Mereka kemudian mencoba memaksa masuk ke ruangan Andi Sahibuddin. Beruntung, aparat kepolisian yang sedang bertugas menjaga KPU Sultra dengan sigap mengamankan situasi.
Massa pun mengajak Andi Sahibudin untuk menyaksikan proses penyegelan Kantor KPU Sultra. Penyegelan dilakukan dengan memaku pintu utama Kantor KPU Sultra. Tak hanya itu, mereka juga mencoret dinding serta kaca kantor tersebut. Sementara aparat kepolisian tampak tak bisa berbuat banyak mengatasi kemarahan massa mahasiswa ini.
Koordinator Lapangan (Korlap), Muhammad Agus Safar menyatakan tidak percaya lagi dengan KPU Sultra. Penyebabnya, hasil tes narkotika terhadap 11 Bapaslon dari Bombana, Kendari dan Buton Selatan tak pernah mereka ketahui hasilnya.
Padahal menurut mereka, diulangnya tes narkoba pada tiga kabupaten ini karena ada calon yang terindikasi sebagai pemakai narkoba.

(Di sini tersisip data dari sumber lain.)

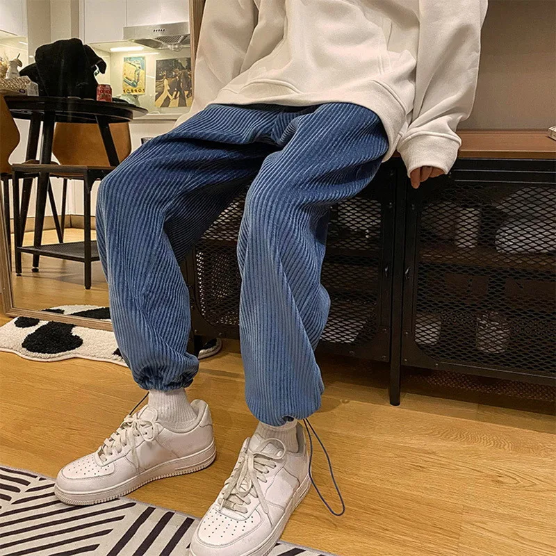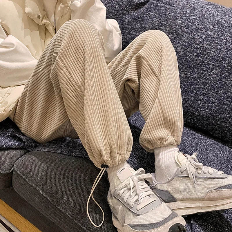 Брюки SHUJIN мужские вельветовые, повседневные Прямые Штаны с завязкой, однотонные, в стиле оверсайз, теплые, уличная одежда в Корейском стиле, 2021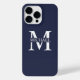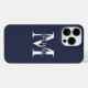 featuring personalised white monogram in classic serif font style with box of name in the middle of monogram on navy blue background.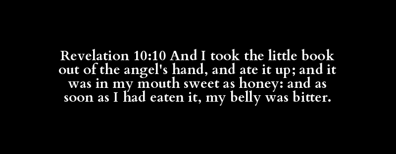 Revelation 10:10 And I took the little book out of the angel's hand, and ate it up; and it was in my mouth sweet as honey: and as soon as I had eaten it, my belly was bitter.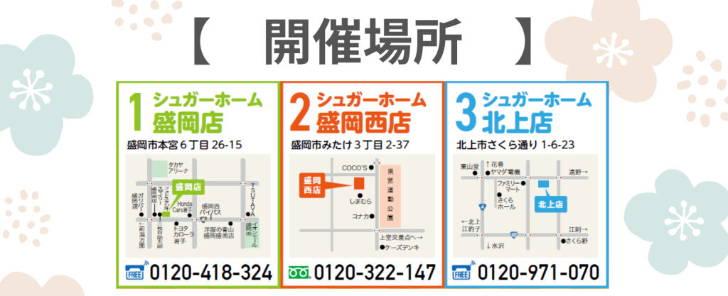 開催店舗 シュガーホーム北上店シュガーホーム盛岡店シュガーホーム盛岡西店
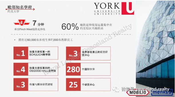 自从几年前多伦多地铁线路延长之后,旺市的交通就变得非常方便了。乘坐地铁,从VMC出发到达York大学仅需要2站。即便驱车,也只需7分钟而已。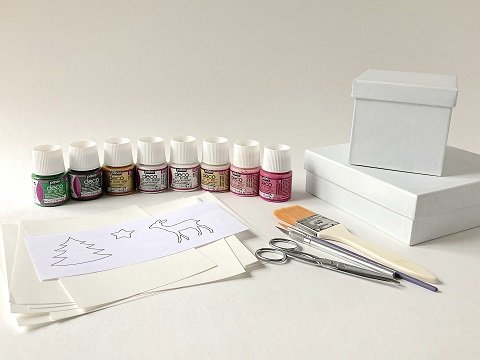 - Commencez par passer avec le spalter une ou deux couches de blanc pour neutraliser vos boites et faire disparaitre les motifs éventuels.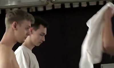 IR CFNM honies only in towels jerk dark-hued cock in 3some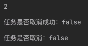 执行改写后的程序,观察执行结果,从执行结果来看,程序输出一加一的结果二,任务取消失败,再次。任务真的是取消失败了,由此可见已完成的任务是无法被取消的。

“Kami menduga dari tiga daerah itu ada paslon yang berpotensi pengguna aktif narkoba,” teriak Agus dalam orasinya di depan Kantor KPU Sultra.
Dia melanjutkan, narkoba sudah beredar secara luas di Sultra dan karena itu tidak menutup kemungkinan ada calon kepala daerah yang mengkonsumsi narkoba. Harusnya, KPU belajar dari kasus lolosnya Bupati Ogan Ilir, Ahmad Wazir Noviadi dalam tes bebas narkoba saat Pilkada, namun akhirnya ketangkap oleh BNN.
“Dengan ditemukannya Bupati Ogan Ilir merupakan pengguna barang haram tersebut sehingga pihak BNN langsung diintruksikan oleh Presiden RI, Joko Widodo untuk melakukan tes narkoba terhadap tiap-tiap pasangan calon kepala daerah agar tidak terjadi lagi kasus yang sama. Tetapi lagi-lagi pihak KPU Sultra sama sekali tidak mau melakukan pengumuman secara terbuka kepada publik atas hasil tes narkoba kepada 11 pasangan calon kemarin,” katanya.
Dihubungi terpisah, Ketua KPU Sultra, Hidayatullah mengaku sangat kesal dengan tindakan massa yang menyegel Kantor KPU Sultra. Menurut lelaki yang akrab disapa Dayat ini, aksi massa itu salah alamat.
“Yang perlu diketahui, kami dari pihak KPU Sultra sama sekali tidak memegang data hasil tes narkoba. Karena yang memegang hasil tes itu adalah dokter yang langsung diserahkan oleh masing-masing KPU tiap-tiap kabupaten/kota. Massa aksi itu perlu diajar etika dan belajar kritis pada tempatnya,” jelasnya.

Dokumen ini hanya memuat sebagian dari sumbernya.